DESCRIPTION OF THE TASK:
Records follow. Print exactly the lines from the one that has "Hier sind die" through the one that has "当前位置: 91家纺网 >", inclusive, and omit the pictures.

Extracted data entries
**********

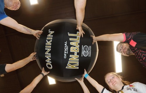 Die gesamte Halle dient als Spielfeld ( höchstens 21m x 21m ). Man benötigt also kein Netz oder Tor um Kin Ball zu spielen.
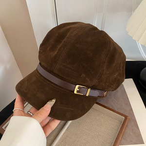 日系复古麂皮绒八角贝雷帽女英伦风文艺百搭气质显脸小云朵画家帽
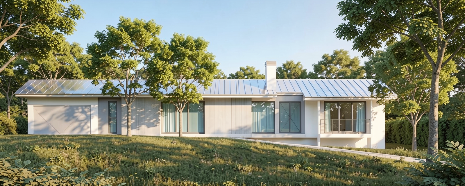 exterior shot render this elevation of a ski home in the high mountains of utah at powder mountain time of year is fall evening vegetation is mostly long mountain grasses there are some 30 firs to the left of the house up the hill a bit there are 25 aspen clusters both to the left and right side of the house the stone depicted on the house should be a warm grey dry the horizontal wood siding should be a dark grey brown shou sugi ban the eves should be dark bronze metal with layered drip edges gutters are fully concealed and not seen railings on the 2 decks are glass render at sunset with the south west to the left of the house window mullions should be dark bronze depending on the color mix you use the stone is warm grays and on all of the lower level areas bring the perspective up about 6 feet so your lookgin a bit down the driveway architecture
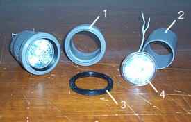Hier sind die Akkulampen. Sie bestehen aus Halogenspot-Reflektorlampen mit 50mm Durchmesser. Das Gehäuse habe ich aus 50er Kunststoffrohren gefertigt: Das Teil 1 ist das dickere Ende, wo ein weiteres Rohr reingesteckt werden kann. Es wird erst hinter dem Bereich, wo sich das Rohr verjüngt, abgeschnitten. Dann wird der Innendurchmesser so abgeschliffen, dass das Teil 2 da sehr stramm von hinten hineinpasst. Das Teil 2 besteht aus dem dünnen Ende des Rohres. Wenn nun die Dichtung 3 wieder eingesetzt ist wird die Lampe 4 eingelegt und das Rohr 2 eingeschoben. Nur durch das Rohr 2 wird die Lampe 4 gut zentriert und festgehalten.
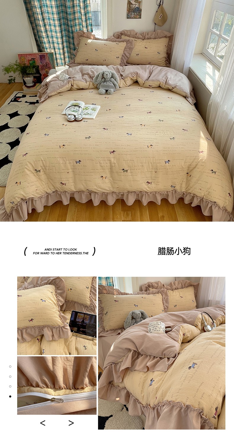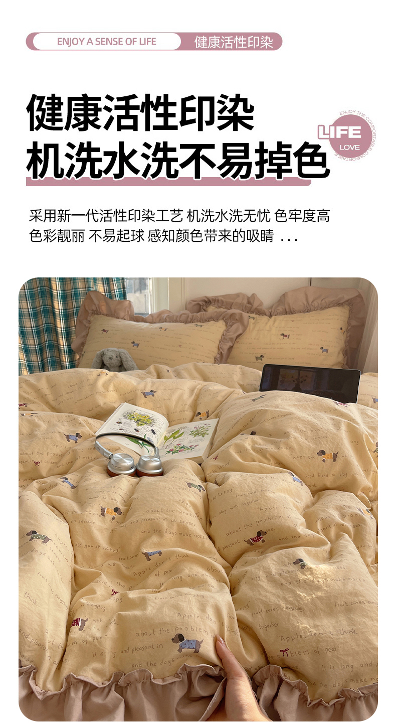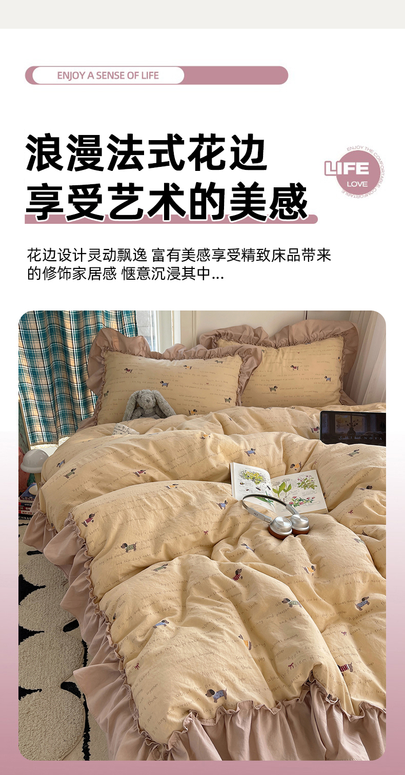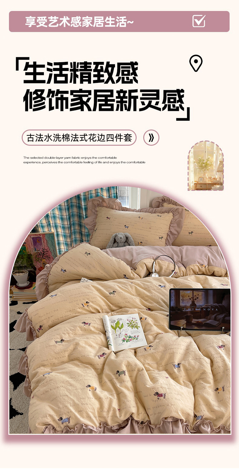 当前位置: 91家纺网 > 商品网购 > 床品套件 > 四件套 > 水洗棉四件套 > 凯洛奇 2026新款A类仿棉四件套古法水洗棉法式工艺花边套件(提供买家秀) 腊肠小狗
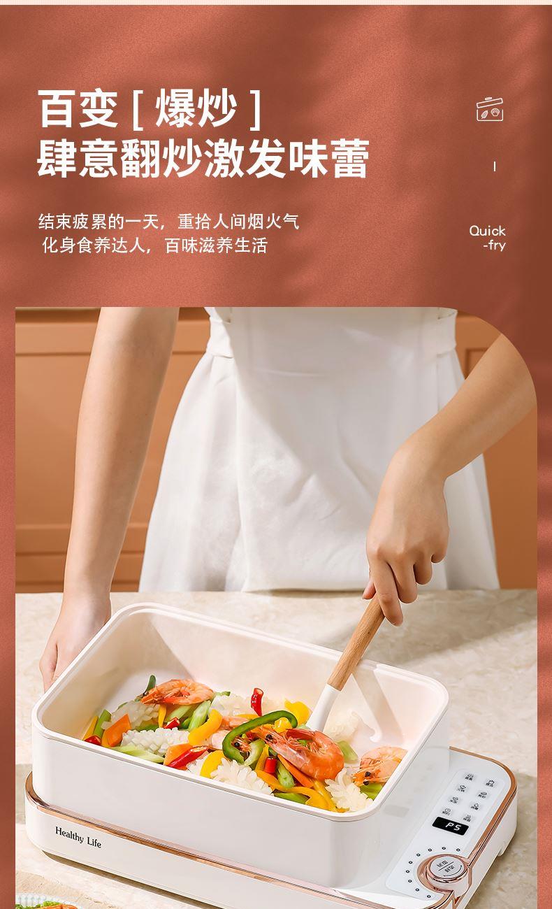 产品功率:1350W 产品容量:底锅4L+两层蒸笼8L,总12L 产品颜色:绿色 产品款式:4L蒸笼自有组合 包装清单:主机、透明盖、蒸格、电源线、说明书 蒸格尺寸:330*220*72mm 底座尺寸:380*230*130mm 特色功能 1、巧设导流孔蒸格,科学排水不浸水;底部多孔散热,保证烹饪安全; 2、可视化蒸盖,烹煮过程更好掌握火候;镀金提手,隔层隔热不会烫手; 3、可分离电线,清洗方便,安全使用;主机容量4L,蒸笼自有组合; 4、1350W大功率,烹饪无需等待;食品级PP材质,耐高温不易变形,耐酸,耐磨不易碎; 5、支持10小时预约和8小时保温;360°整圈发热,受热均匀不易焦; 6、自动断电,防干烧功能;一机多用,可用于婴儿用品高温蒸汽消毒,更安全;
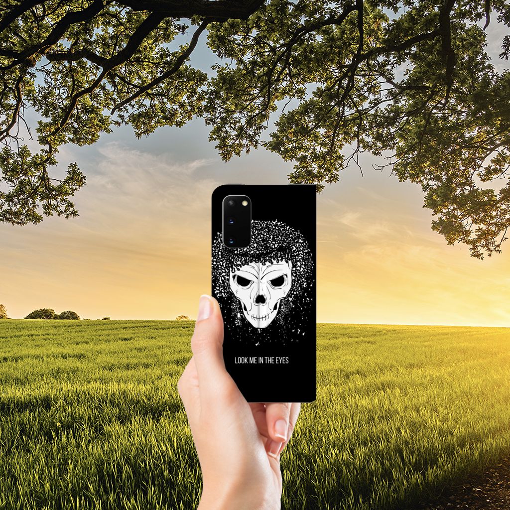 Ben je op zoek naar een uniek telefoonhoesje voor je Samsung Galaxy S20? Dan ben je bij B2C Telecom aan het juiste adres! Speciaal voor jou hebben we dit prachtige Skull Hair design in onze collectie hoesjes opgenomen. Het design wordt bedrukt op een Mobiel BookCase en heeft een vakje aan de binnenkant voor een pasje. Het fijne aan dit hoesje is dat je het als standaard neer kunt zetten. Hierdoor geniet je nog meer als je een filmpje aan het kijken bent op je telefoon. Het hoesje wordt afgesloten door magneten aan de binnenkant. Wil je dit design hoesje nog iets extra's geven? Voeg dan gratis je naam of een quote toe! Is dit design hoesje toch niet helemaal wat je zocht? Ontwerp dan zelf een hoesje in ons ontwerpprogramma.
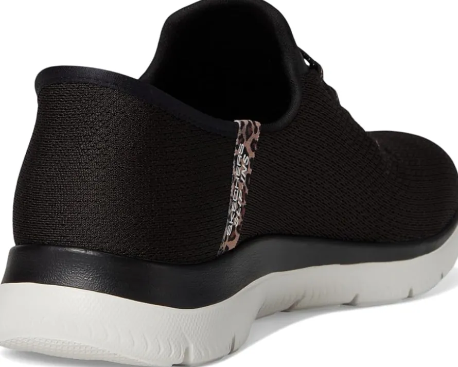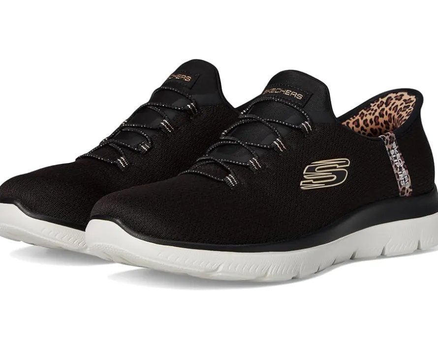 - Step into effortless style donning the SKECHERS® Summits Leopard Chic Hands Free Slip-INS! With their bold leopard print and hands-free design, these slip-ons blend comfort and trend effortlessly. Featuring a rubber upper, insole, and outsole, they’re durable and flexible, while the mesh bungee design allows for easy on and off. The unlined construction enhances breathability, keeping your feet cool all day. Plus, these eco-friendly shoes are vegan, so you can feel good about your choice. Equipped with Air-Cooled MF® technology and a Heel Pillow™, your feet will enjoy all-day cushioning and support.
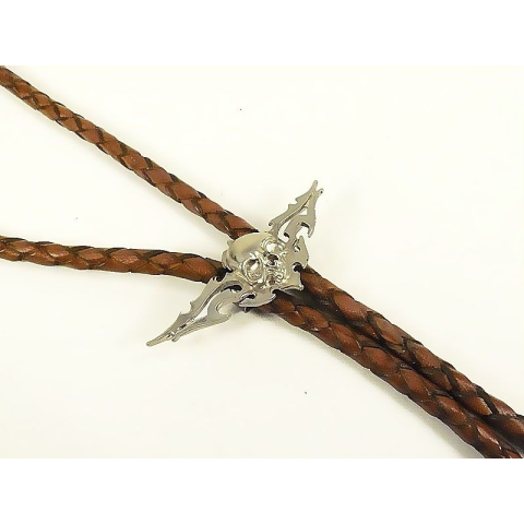 Koponya amerikai nyakkendő. Fekete vagy barna valódi fonott bőr, fekete antik galvanizál fém koponya nonfiguratív mintán és fém záró dísszel Anyaga: zamak
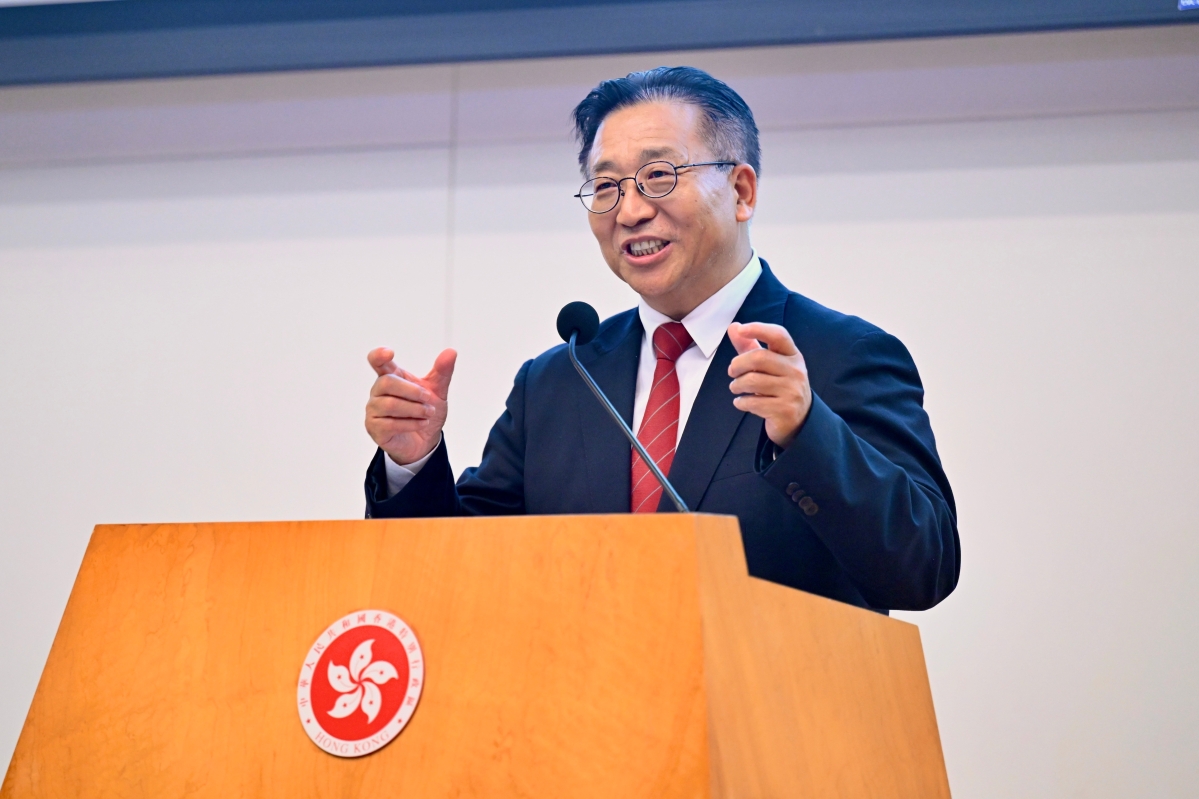 崔建春主講。政府新聞處圖片 李家超在報告會上致開場發言。他感謝崔建春特派員出席報告會,分析複雜嚴峻的國際政經形勢和國家的外交策略,讓特區政府能更好地配合國家應對國際競爭環境,同時貢獻國家高質量發展。 李家超指出,日益緊張的地緣政治局勢對全球經濟和國際貿易都帶來影響。香港是一個外向型經濟體,在“一國兩制”下擁有“背靠祖國、聯通世界”的獨特優勢,不斷發揮“超級聯繫人”和“超級增值人”的角色,持續鞏固提升香港國際金融、航運、貿易中心等地位。他期望特區政府官員通過這次報告會增進對當前的國際政治和經濟環境的掌握,有利於制訂和執行各相關政策,為香港保持國際化優勢,不斷拓展國際聯繫,擴大與其他國家的合作,進一步為提升香港的國際競爭力作出貢獻。 公務員事務局局長楊何蓓茵在報告會上表示,特區公務員必須準確了解國家當前的發展形勢和未來的發展方向,堅定不移貫徹“一國兩制”方針,配合特區政府全面落實“愛國者治港”原則。公務員學院會持續加強培訓,提升公務員的愛國精神、大局觀和國際視野,更好地裝備公務員團隊配合政府發揮香港聯通國家與世界的橋樑角色,向世界說好國家和香港成功實踐“一國兩制”的故事。

**********

FINISHED TASK:
Hier sind die Akkulampen. Sie bestehen aus Halogenspot-Reflektorlampen mit 50mm Durchmesser. Das Gehäuse habe ich aus 50er Kunststoffrohren gefertigt: Das Teil 1 ist das dickere Ende, wo ein weiteres Rohr reingesteckt werden kann. Es wird erst hinter dem Bereich, wo sich das Rohr verjüngt, abgeschnitten. Dann wird der Innendurchmesser so abgeschliffen, dass das Teil 2 da sehr stramm von hinten hineinpasst. Das Teil 2 besteht aus dem dünnen Ende des Rohres. Wenn nun die Dichtung 3 wieder eingesetzt ist wird die Lampe 4 eingelegt und das Rohr 2 eingeschoben. Nur durch das Rohr 2 wird die Lampe 4 gut zentriert und festgehalten.
 当前位置: 91家纺网 > 商品网购 > 床品套件 > 四件套 > 水洗棉四件套 > 凯洛奇 2026新款A类仿棉四件套古法水洗棉法式工艺花边套件(提供买家秀) 腊肠小狗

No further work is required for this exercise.